Vix one thing about me is I can read people well. And despite never meeting you I can read you. I don't think you are as happy and clear in your convictions in real life as you like to come across. Human nature says we all like to belong somewhere and you don't have that. You are in a limbo of two worlds. Deep down you know the whites around you don't get you and push come to shove they see you as another black Muslim girl. You worker hard to prove them you are different. But you know deep down with having black Muslim parents they will never fully.
Your story ain't unique. And you pretending you dating these great guys. Black girls like you who hates where they come from usually dates low level guys from other races. Until you actually come to terms with you being somali and accept whole of you. Truth is you will live a life constantly seeking others approval and be unfulfilled.
I’m an open book. If my views are veiled, it’s because I’m being nice 99% of the time. I say what I mean, and if I don’t, I’ll blurt it out eventually.
I never had a problem fitting in anywhere. I was born in my community and I’m tied to it. I get that you Europeans are somehow made to feel inferior to your countrymen, and I’ve noticed that the American users here tend to be different in that they have no conflict identifying as an Americans comparitively to you Europeans who feel like outsiders, and seem to have some kind of chip of “otherness” on your soldier, but that doesn’t apply to us (and definitely not me).
In fact, my parents have no problem fitting in as Muslims either. My mom wears a regular hijab, and they’re both religious.
I don’t have a reason to pretend to date. I did not date for almost three years consecutively, bc I wasn’t in a place where I wanted to. I know my worth, and whether Somali or White, being that I’m lucky enough to be capable of getting exactly what I want and having regard and self-esteem for myself, I would never stoop to date someone who isn’t on my level.
I’m Somali, but I don’t accept what that means in the diaspora, nor in the homeland. It’s all disorder, destruction and dysfunction, with not much silver lining. That doesn’t mean I hate myself. If anything, to not be in a position where that is the defining features of my life makes me feel fortunate, but it’s a feeling that’s depressing, because that’s not much light in a diaspora defined by all kinds of negativities, from gang violence to being low class educationally, to the dysfunction of the families.

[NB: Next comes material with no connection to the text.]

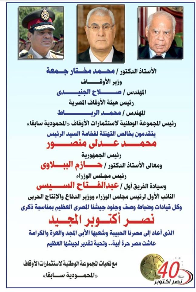 نشرت جريدة الأهرام "إعلانا" في عددها الصادر بتاريخ الأمس حول التهنئة بذكري انتصارات ال 6 من أكتوبر، كُتب فيه اسم الرئيس المعين عدلي منصور "خاطئا"، بينما لم تخطئ نفس الجريدة في اسم الفريق السيسي أو رئيس حكومته "الببلاوي".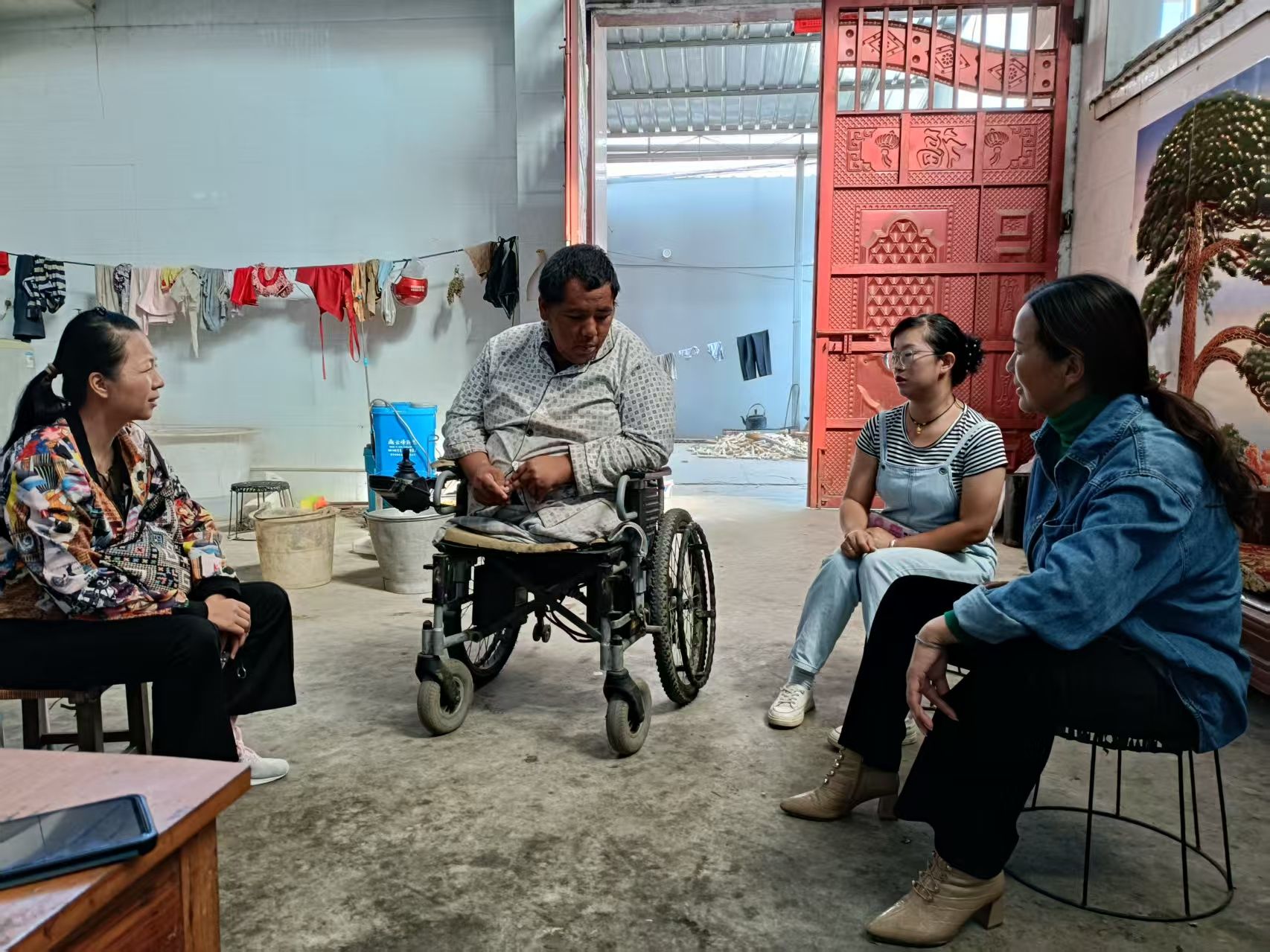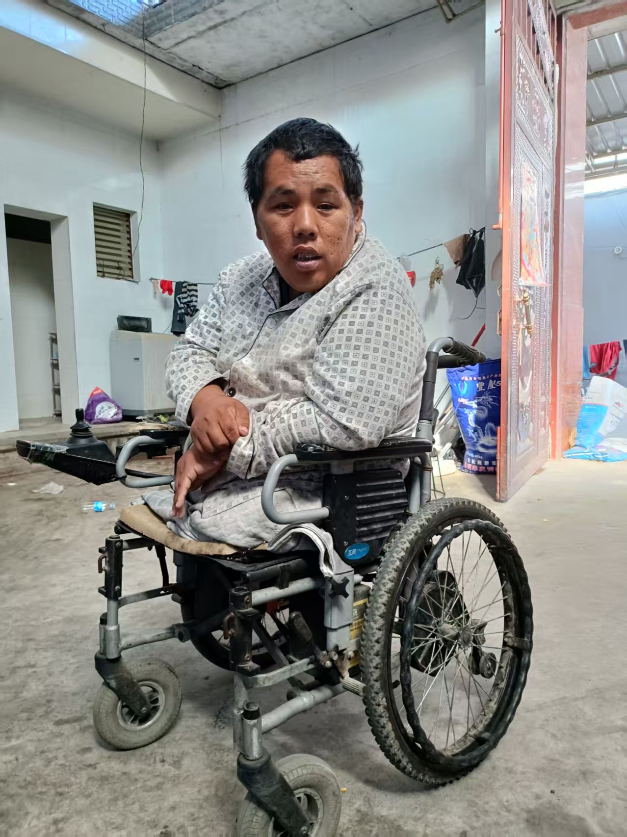 2022年,我被派驻新寨村作为该村驻村第一书记。这时的张大泽已经遭遇了不幸,我再一次看到他的时候,他的双腿已经从臀部以下被截肢。跟他说话,他也是有一搭没一搭的,整个人看着非常颓废。那一刻,我在心底暗暗发誓,一定要为他做点什么,帮助他走出这片黑暗。

That’s not a problem approval from outside groups can solve, but you can’t see that. You don’t know how to read anything. You’re full of malice anytime someone tells anything negative, even if it’s true. Sometimes I admire your selective reasoning, and ability to block out reality. You so lack self-awareness that you post videos showing black boys robbing stores, meanwhile your brothers are in the streets performing those same robberies. I honestly think you’re one of the damaged males in the community, and probably have an unsavory past.